- **Task brief**
Leave out any pictures and transcribe all other data below exactly.

(Beginning of Collected material)

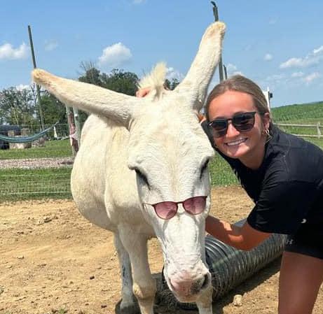 This summer she had the opportunity to intern at Local Homestead Products LLC, where she gained hands-on experience working at an on-farm market. This photo is one of her favorites, featuring Natalie and Wilton the donkey rocking sunglasses on a beautiful day!
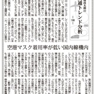 3月13日(月)にマスク着用について、飛行機の機内においても個人の判断になって1カ月弱が経過したが、4月に入ってからも国内では電車や飛行機でも8割以上の人はマスクを着用している状態が続いている。花粉症の影響もあるが、思っていたよりもマスクを外している人は少ない。特に通勤時間帯の電車の着用率はさらに高い。ただ私の肌感覚ではあるが、少しずつではあるが、マスクを外す人が増えているように感じている。
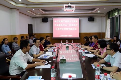 肖国丰处长代表学校热烈欢迎王主任、冯部长、邝帼智主任等一行来到历史文化名城九江,走进美丽的九江学院,并带来众多优秀企业与学校相关学院开展对接活动。肖处长介绍了学校的情况,介绍了毕业生生源基本情况,对于企业主动对接表示欢迎,并指出我校生源专业丰富,科类齐全,可以满足各类企业基本的聘用需求,并表示广州地理位置优越,只要企业有足够的诚意,相信学生会愿意应聘,一定会“下得去,用得上,留得住,干得好。”
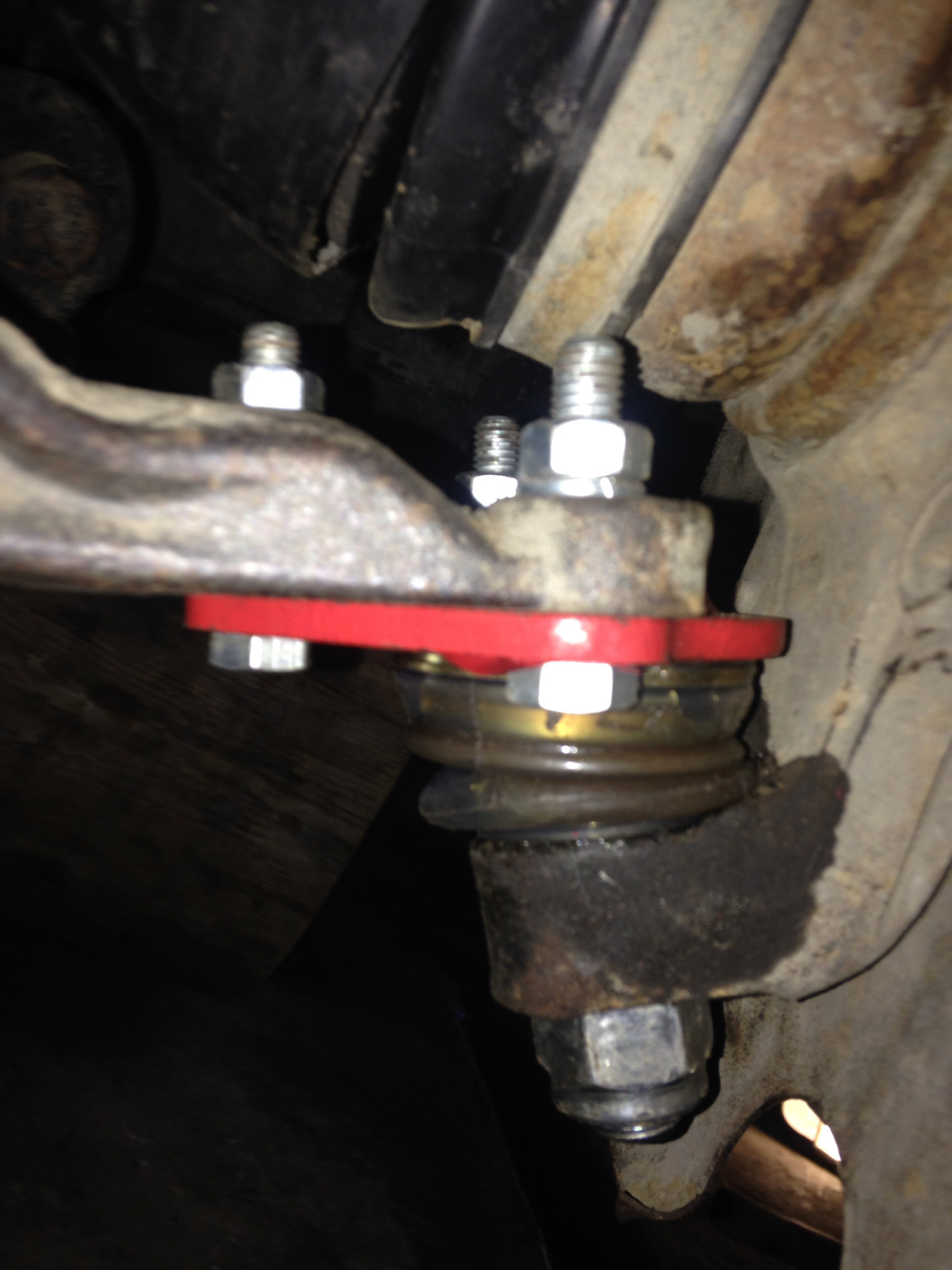 Когда шины оторваны от земли, каждый нижний шаровой шарнир совершает некоторое движение из стороны в сторону, когда я кладу руки в положение на 12 и 6 часов на шине и раскачиваю ее вперед и назад.Когда я покачиваю шину, я вижу движение примерно на 1 мм. Когда шины находятся на земле, индикаторы на нижних шаровых опорах не утоплены. Фактически, они выступают толщиной с небольшой наконечник отвертки.

(End of Collected material)

- **Solution to the exercise**
 This summer she had the opportunity to intern at Local Homestead Products LLC, where she gained hands-on experience working at an on-farm market. This photo is one of her favorites, featuring Natalie and Wilton the donkey rocking sunglasses on a beautiful day!
 3月13日(月)にマスク着用について、飛行機の機内においても個人の判断になって1カ月弱が経過したが、4月に入ってからも国内では電車や飛行機でも8割以上の人はマスクを着用している状態が続いている。花粉症の影響もあるが、思っていたよりもマスクを外している人は少ない。特に通勤時間帯の電車の着用率はさらに高い。ただ私の肌感覚ではあるが、少しずつではあるが、マスクを外す人が増えているように感じている。
 肖国丰处长代表学校热烈欢迎王主任、冯部长、邝帼智主任等一行来到历史文化名城九江,走进美丽的九江学院,并带来众多优秀企业与学校相关学院开展对接活动。肖处长介绍了学校的情况,介绍了毕业生生源基本情况,对于企业主动对接表示欢迎,并指出我校生源专业丰富,科类齐全,可以满足各类企业基本的聘用需求,并表示广州地理位置优越,只要企业有足够的诚意,相信学生会愿意应聘,一定会“下得去,用得上,留得住,干得好。”
 Когда шины оторваны от земли, каждый нижний шаровой шарнир совершает некоторое движение из стороны в сторону, когда я кладу руки в положение на 12 и 6 часов на шине и раскачиваю ее вперед и назад.Когда я покачиваю шину, я вижу движение примерно на 1 мм. Когда шины находятся на земле, индикаторы на нижних шаровых опорах не утоплены. Фактически, они выступают толщиной с небольшой наконечник отвертки.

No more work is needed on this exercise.